Thursday, August 8th 2019

AMD Designing Zen 4 for 2021, Zen 3 Completes Design Phase, out in 2020

AMD in its 2nd generation EPYC processor launch event announced that it has completed the design phase of its next-generation "Zen 3" CPU microarchitecture, and is currently working on its successor, the "Zen 4." AMD debuted its "Zen 2" microarchitecture with the client-segment 3rd generation Ryzen desktop processor family, it made its enterprise debut with the 2nd generation EPYC. This is the first x86 CPU microarchitecture designed for the 7 nanometer silicon fabrication process, and is being built on a 7 nm DUV (deep ultraviolet) node at TSMC. It brings about double-digit percentage IPC improvements over "Zen+."

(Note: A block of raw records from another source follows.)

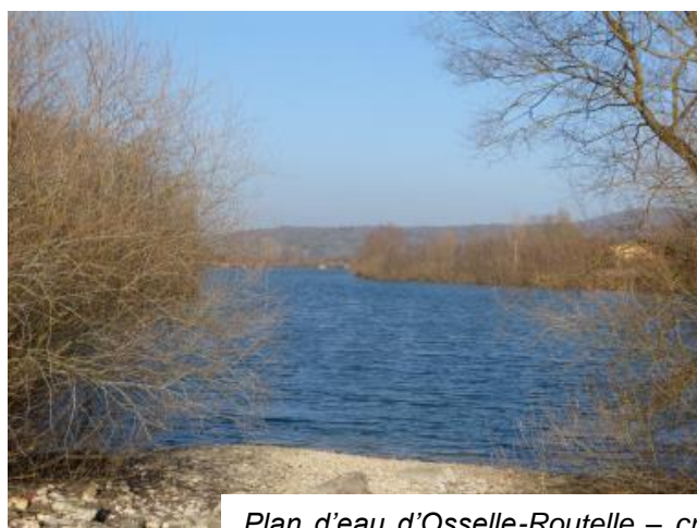
Plan d'eau d'Osselle-Routelle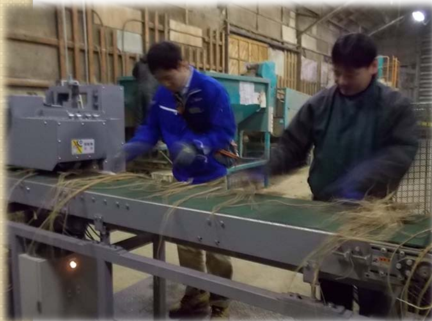
切断機側から見た状況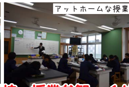
アットホームな授業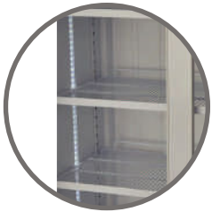
Repisas regulables Iluminación interior LED a ambos lados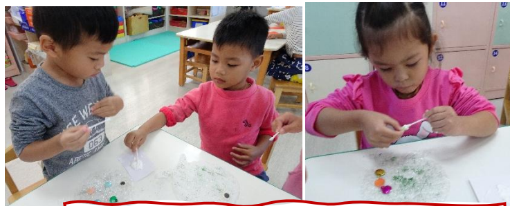
禮物袋裝飾：年年有餘。(灑亮粉貼亮片)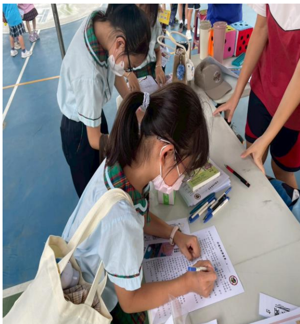
說明：學生於校園定期參加健康闖關。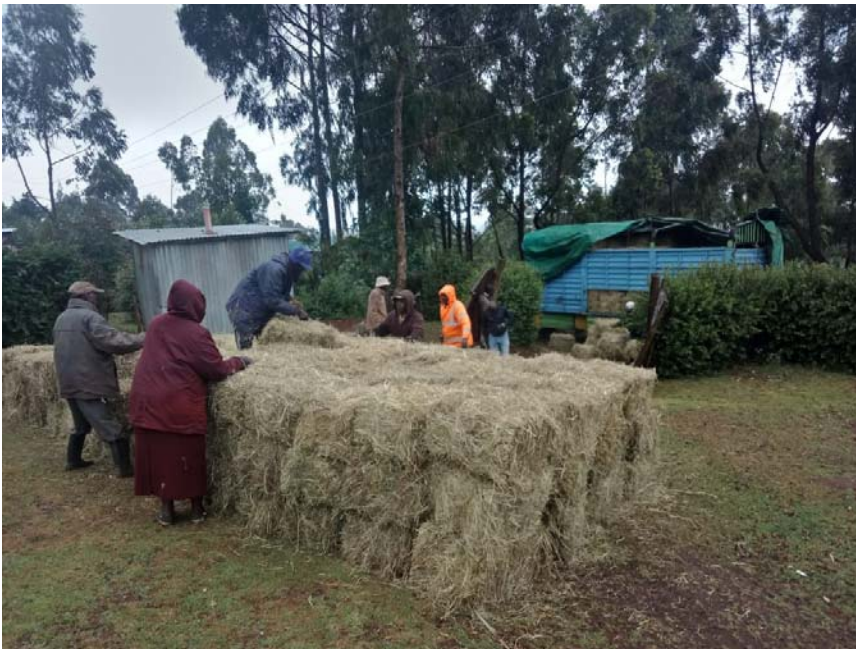
Distribuzione di fieno (pre covid-19)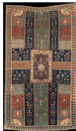
تصویر ۶- فرش چهار باغی قرن ۱۸ موزه متروپولیتن (پرهام، ۱۳۷۱: ۱۳۴)

نقشه‌ی قالی بهارستان خسرو پرویز است (پوپ و آکرمن، ۱۳۸۷: ۱۲۷۰) (تصویر شماره ۸)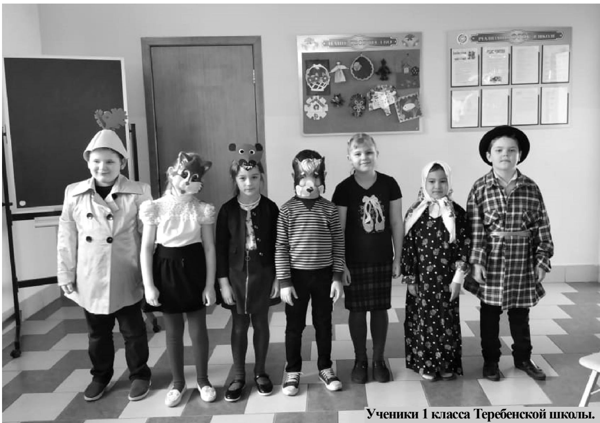
Ученики 1 класса Теребенской школы.

Учащиеся и подколлектив МКОУ „Теребенская средняя школа“ устроили в школе настоящий театральный праздник.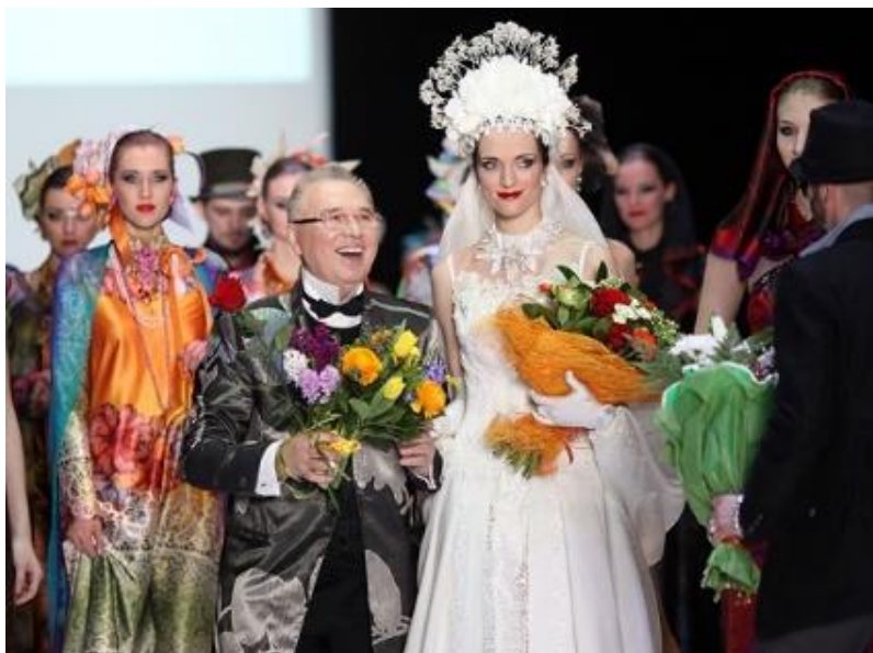
Fotografia 41. Kolekcja Zajcewa.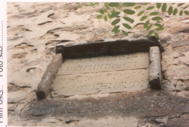
Film 643. Foto 20.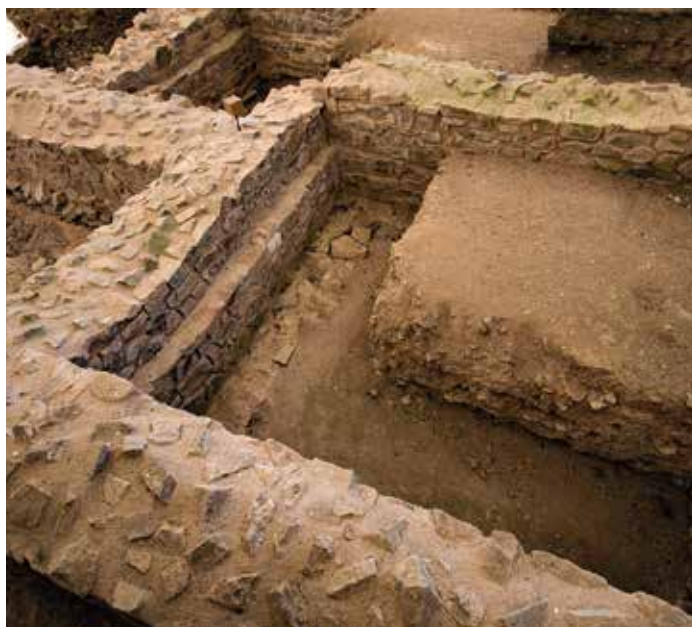
Rapport d'activité 2021

L'association poursuit avec enthousiasme et détermination sa volonté de faire voyager tous les publics dans l'histoire humaine grâce à ses activités ludiques et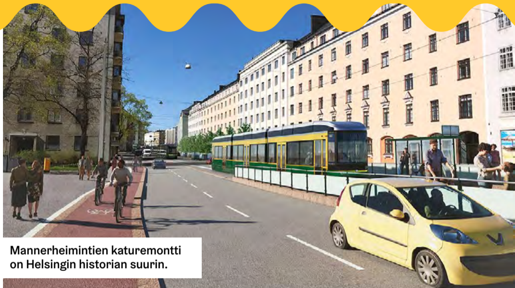
Mannerheimintien katuremontti on Helsingin historian suurin.

Palvelukartta on saanut uuden käyttöä helpottavan ilmeen. Palvelun osoite on palvelukartta.hel.fi . Kartalta löytyvät esimerkiksi julkisen liikenteen pysäkit, leikkipuisot, pysäköintialueet ja terveysasemat esteettömyystieteen. Kartta on suomeksi, ruotsiksi ja englanniksi.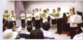
▲合唱の様子(中央区ブーケ祭りより)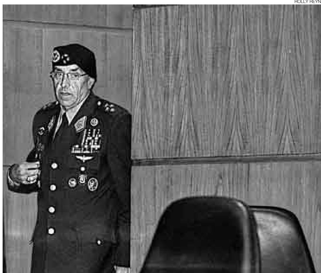
LE OFRECEN LA RECETA. El presidente Alan García y el jefe del Gabinete, Yehude Simon, le recomendaron al general Edwin Donayre hacer una cura de silencio durante los siguientes días.

Mientras tanto, el presidente del Consejo de Ministros, Yehude Simon, quien el domingo ya había calificado de lamentables las palabras de Donayre, ayer volvió a deplorar las declaraciones del oficial militar y lo invocó a guardar silencio. A la vez, Simon expresó su confianza de que el jefe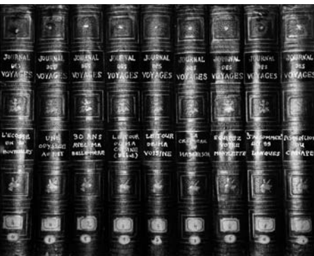
Journal des Voyages, série «La Bibliothèque», 2008

La Demeure du Grand Moghol, série «Le Gîte et le Couvert», 2008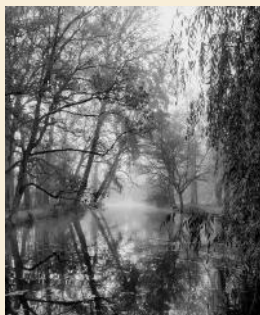
Lilou (@lilwhere_), étudiante en service civique dans la transition écologique à Tours a été choisie comme meilleure photo suite à une délibération du jury de l'IAE .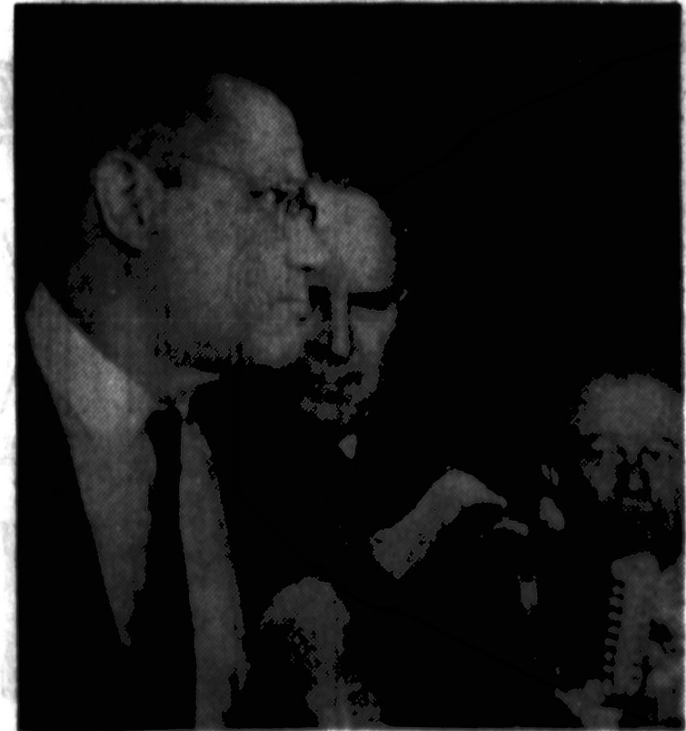
Gyvybos sekretorius McNamara (kairė) ir Štoby vadų tarybos pirmininkas gen. Taylor buvo auskirdę į Pietryčių Azijos apsaugos reikalų konferenciją Havajuje.

JAV prezidentas Lyndon B. Johnson skubiai susaukto spau- dos konferencijoj pirmadienį pa- linkėjo naujam Indijos vadui pasisekimo.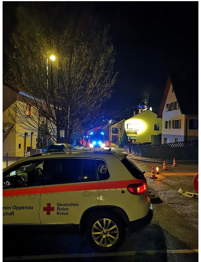
Kaminbrand in Offenburg, Januar 2020

Unsere Einsatzleiter leiteten so mehrere Einsätze, unter anderem einen Kaminbrand in Offenburg.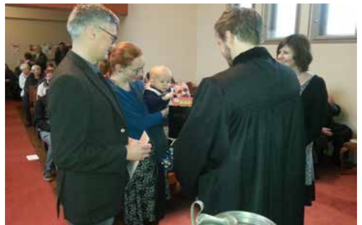
Dárek na památný den - obrázková dětská bible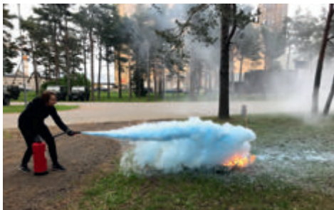
Igaks olukorraks valmis. Ohutushoiu kursus 2019.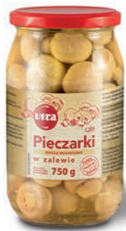
Pieczarki całe w zalewie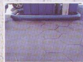
Entfernung von Diesel auf einer Tankstelle. Wirkzeit hier ca. 30 Min.

Mit unserem seit Jahren bewährten Produkt BENTIA ZR9030 konnte das Problem der Erneuerung für kontaminierte Hallen- und Werkstatböden sowie anderen Flächen auf revolutionäre Weise gelöst werden. Nach herkömmlicher Verfahrenstechnik mußten aufwendige Sanierungen in Form von Fräsarbeiten und Erneuerungen von Estrich- /Hallenböden vorgenommen werden. Mit dem Einsatz von BENTIA werden den Mineralöl verschmutzten Böden die Kohlenwasserstoffe entzogen und zurück an die Oberfläche befördert.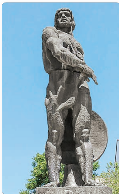
▲ Памятник Спартаку на его родине

Красс завязал сражение, самое большое из бывших в эту войну. В нем пало 12 300 рабов. Спартак после поражения начал отступать. Затем он устремился на самого Красса, но из-за сражающихся и раненых ему не удалось добраться до римского полководца. Свита Спартака бежала, а он, окруженный врагами и мужественно отражая их удары, в конце концов был убит.

The "Zen 3" microarchitecture is designed for the next big process technology change within 7 nm, EUV (extreme ultraviolet), which allows significant increases in transistor densities, and could facilitate big improvements in energy-efficiency that could be leveraged to increase clock-speeds and performance. It could also feature new ISA instruction-sets. With "Zen 3" passing design phase, AMD will work on prototyping and testing it. The first "Zen 3" products could debut in 2020. "Zen 4" is being designed for a different era.
The "Zen 4" architecture is being designed for a 2021 market debut, and will come out at a time when the 7 nm process will have matured and attained high enough volumes at TSMC for AMD to either build bigger dies (more cores per chiplet), or leverage the even more advanced 6 nm EUV node. The maturity and volumes of these sub-10 nm nodes could change the economics of the MCM approach AMD is undertaking for its EPYC processors.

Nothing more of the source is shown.